Later the Second Circuit in Kelly v. United States, 1937, 89 F.2d 866, considering an appeal from the District Court, held that the rule of the Greenhaus case was not to be applied or extended to cases where conviction had been had on separate indictment notwithstanding the several crimes were connected in purpose and motive and the sentences therefor had been pronounced at the same court sitting. This ruling was sustained upon appeal (Frad v. Kelly, 302 U.S. 312, 58 S.Ct. 188, 191, 82 L.Ed. 282), the Supreme Court saying “The mere fact that a sentence of a fine and imprisonment had been imposed upon one of the indictments in no way militated against the prescription of probation in respect of the plea of guilty under the other two.” It should here be noted that no mention of the Greenhaus case is made by the U. S. Supreme Court in its opinion and no language is used directly showing either the approval or rejection of the theory advanced by the Circuit Court in that case.

It is interesting at this juncture to note that the Supreme Court in the Frad-Kelly case commented upon the fact that the Probation Act authorizes the court to supervise the conduct of the probationer not only during the period of probation when he was bound to make such reports of his doings as might lawfully be required but afterwards up to the time when the maximum sentence which could have been imposed would have expired. See also United States v. Moore, 2 Cir., 101 F.2d 56, 58.

The Second Circuit followed the Greenhaus case in the case of United States v. Cosman in 94 F.2d 1020 and the Supreme Court reversed in 303 U.S. 617, 58 S.Ct. 527, 82 L.Ed. 1083 without opinion but specifically upon authority of Frad v. Kelly, supra.
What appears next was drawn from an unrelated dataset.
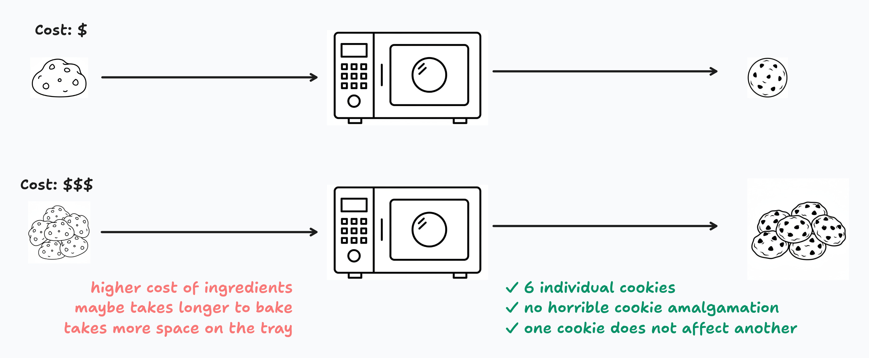 Or, you could spend a little more time and money making dough for a batch of 6 cookies, put them on a tray and bake them. You’d get 6 cookies. The dough from one cookie doesn’t magically transfer to another cookie — each cookie maintains it’s individuality in the process.
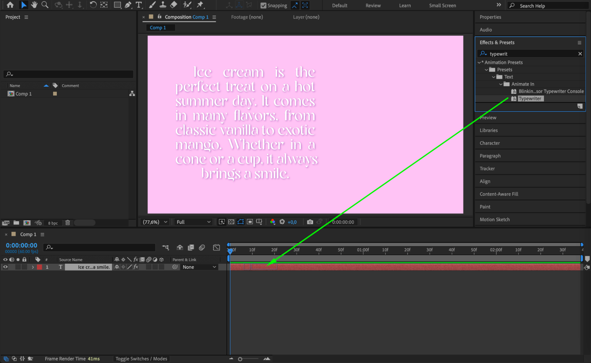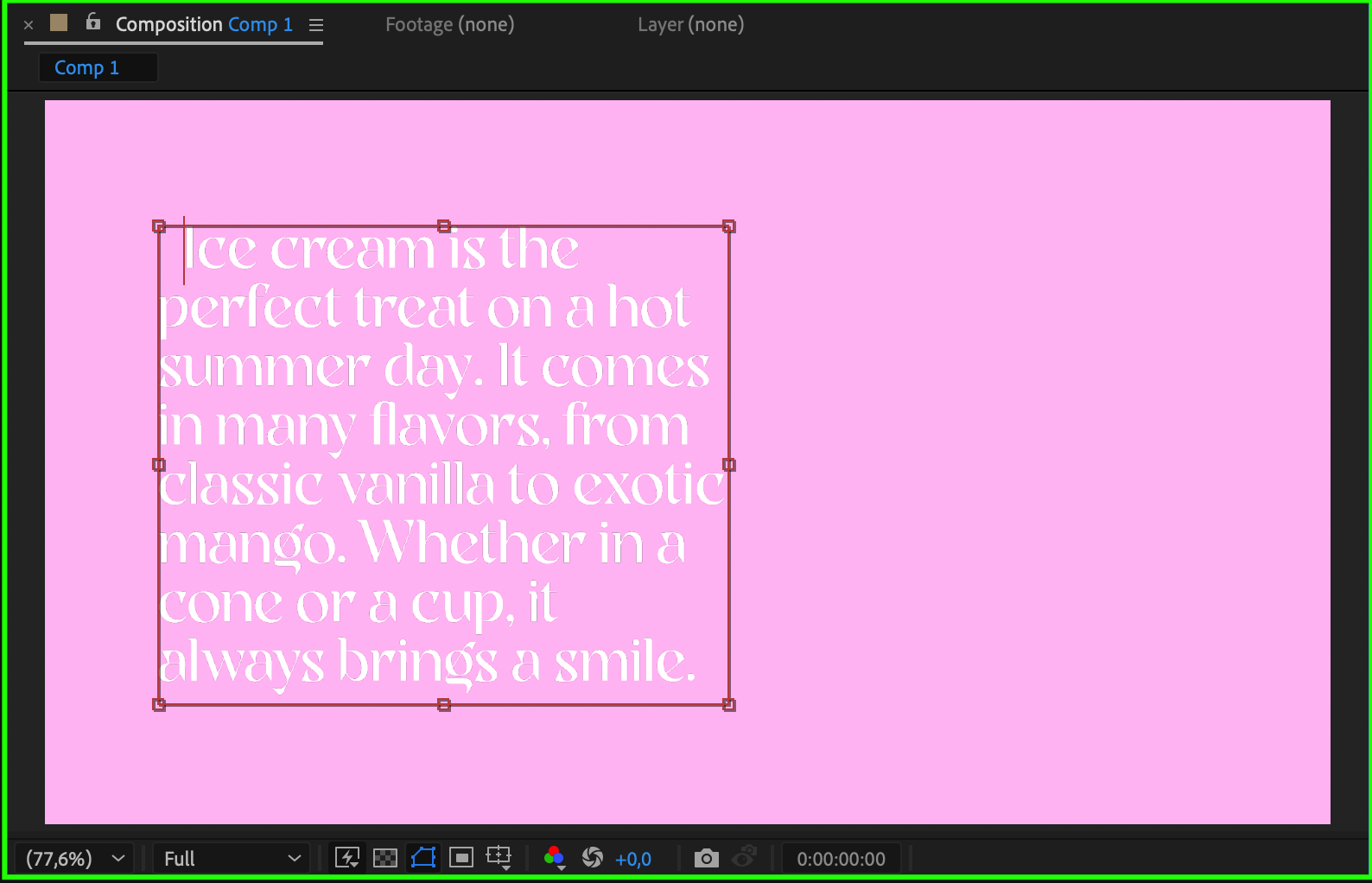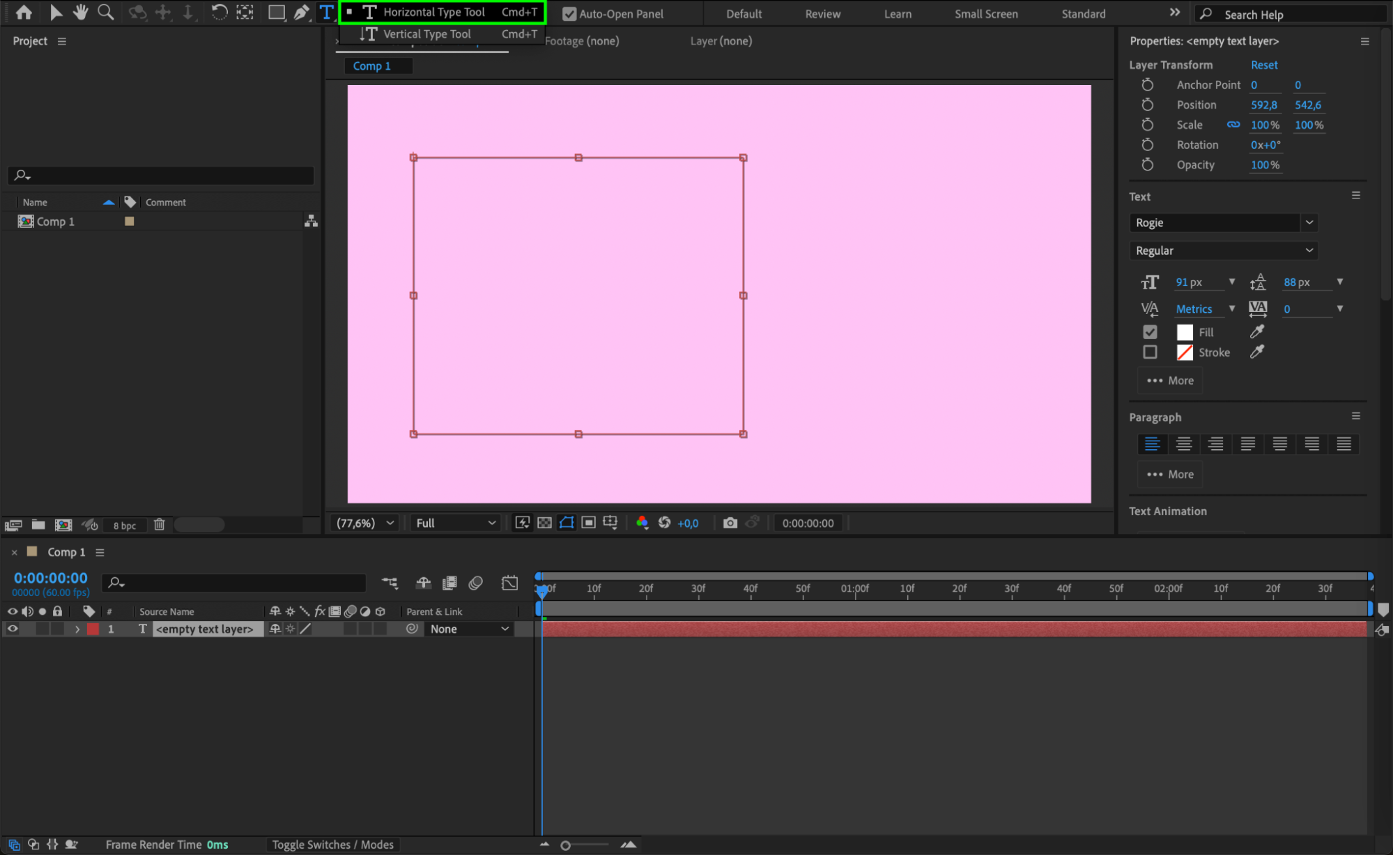 Open After Effects and create a new composition by going to Composition > New Composition. Then use the Type Tool (Ctrl/Cmd + T) to create a text box on the screen. Click and drag to create a text area box if you want your text to wrap automatically.

In a note to our opinion in Remer v. Regan, 9 Cir., 104 F.2d 704 it appears that there existed in the Cosman case a factual situation similar to the one in the Greenhaus case so far as immediate incarceration under one count and the suspension of sentence under probation on another count of the same indictment are concerned. The prisoner serving imprisonment under one count was paroled and thereafter was brought before the court upon charges of violating the terms of his parol. The court found that there had been no violation but under authority of Greenhaus recommitted the parolee to serve the sentence theretofore imposed for the counts upon which probation had been granted. As mentioned the Supreme Court reversed.
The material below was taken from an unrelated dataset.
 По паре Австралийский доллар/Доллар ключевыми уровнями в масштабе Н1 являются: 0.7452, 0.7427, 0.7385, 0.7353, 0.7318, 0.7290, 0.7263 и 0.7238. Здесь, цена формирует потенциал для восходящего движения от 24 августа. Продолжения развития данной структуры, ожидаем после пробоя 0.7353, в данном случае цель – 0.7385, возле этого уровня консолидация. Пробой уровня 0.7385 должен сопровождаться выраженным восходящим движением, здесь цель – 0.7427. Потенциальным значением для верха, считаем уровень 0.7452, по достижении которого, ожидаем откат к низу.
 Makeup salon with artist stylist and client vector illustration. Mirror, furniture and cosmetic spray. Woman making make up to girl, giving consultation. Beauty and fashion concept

It is thus seen that the Supreme Court has discerned no difference in principle so far as the application of the Probation Act is concerned between sentences pronounced under separate indictments and those pronounced under separate counts of a single indictment. This court (C.C.A. 9th) citing the Cosman case in our opinion in Remer v. Regan, supra regarded the doctrine of the Greenhaus case as being overruled.

Since the doctrine of the Greenhaus case appears to be overruled and disapproved there was nothing wrong with the District Court’s order in the instant case in sentencing petitioner to the penitentiary upon one count and at the same time sentencing him and suspending sentence under a period of probation under another count of the same indictment.
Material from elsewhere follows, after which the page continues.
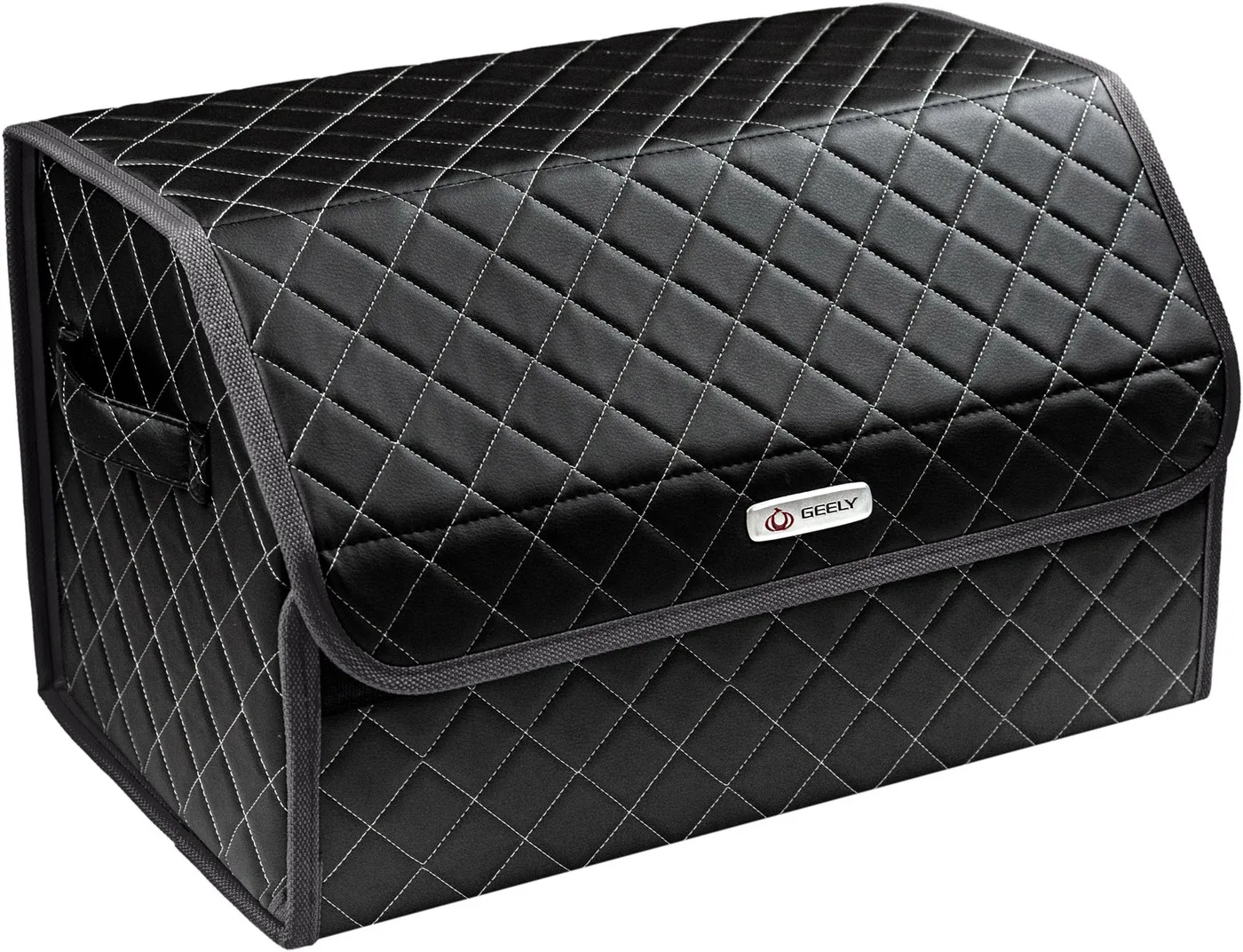 Special Offer Сумка-органайзер в багажник автомобиля из экокожи черная с серой нитью ViceCar (темно-серый кант) с логотипом GEELY Discount [NEW!!] Today!

With this point out of the way another question arises: It is apparent from the wording of the court’s original sentence in the instant case that the term of probation for the sentence suspended was to begin running concurrently with the sentence not suspended and that if uninterrupted by any other event petitioner would spend his two years in prison and be out on probation for three years thereafter, or five years after sentence. (Good time is not considered in this statement). Five years from September 13, 1934, would fix the expiration of probation at September 13, 1939 (again not considering good time element), and he would be free from the probation order.

But an important event did intervene. On June 7, 1938, after having served his prison sentence under Count four and while out of prison under the probation order as to Count two, petitioner’s probation was revoked and he was committed to prison for five years, or for the original time for which he was sentenced under Count two. Without considering for the moment any point as to whether the time spent in prison was concurrently running as on the sentences under both counts, this resentence was valid since the Probation Act in subdivison two, as was commented upon by the Supreme Court in Frad v. Kelly, supra, gives the District Court the power to sentence, after revoking probation, for any period of time not exceeding the maximum time prescribed by law for the crime. We quote from the Act:

“At any time within the probation period the probation officer may arrest the probationer wherever found, without a warrant, or the court which has granted the probation may issue a warrant for his arrest, which warrant may be executed by either the probation officer or the United States marshal of either the district in which the probationer was put upon probation or of any district in which the probationer shall be found and, if the probationer shall be so arrested in a district other than that in which he has been put upon probation, any of said officers may return probationer to the district out of which such warrant shall have been issued. Thereupon such probationer shall forthwith be taken before the court. At any time after the probation period, but within the maximum period for which the defendant might originally have been sentenced, the court may issue a warrant and cause the defendant to be arrested and brought before the court. Thereupon the court may revoke the probation or the suspension of sentence, and may impose any sentence which might originally have been imposed.” 18 U.S.C.A. § 725. See United States v. Murray, Frad v. Kelly, Remer v. Regan, supra.

The matter of the possible concurrent running of the two sentences for the period served in the penitentiary before the revocation of probation will now be considered.

If we were to follow the Greenhaus case we would be compelled to hold that the probationary part of the sentence in the instant case was void and the sentence to which probation was directed would be unqualified and would begin to run immediately. Therefore the petitioner would have served time in the penitentiary under both counts for the period he was confined in the penitentiary. But as has been seen, we do not follow the Greenhaus doctrine, but hold that sentence to the penitentiary under one count and suspension of sentence with probation under another count is altogether a valid proceeding. Being valid we examine the text of the court’s order of sentence to get its meaning.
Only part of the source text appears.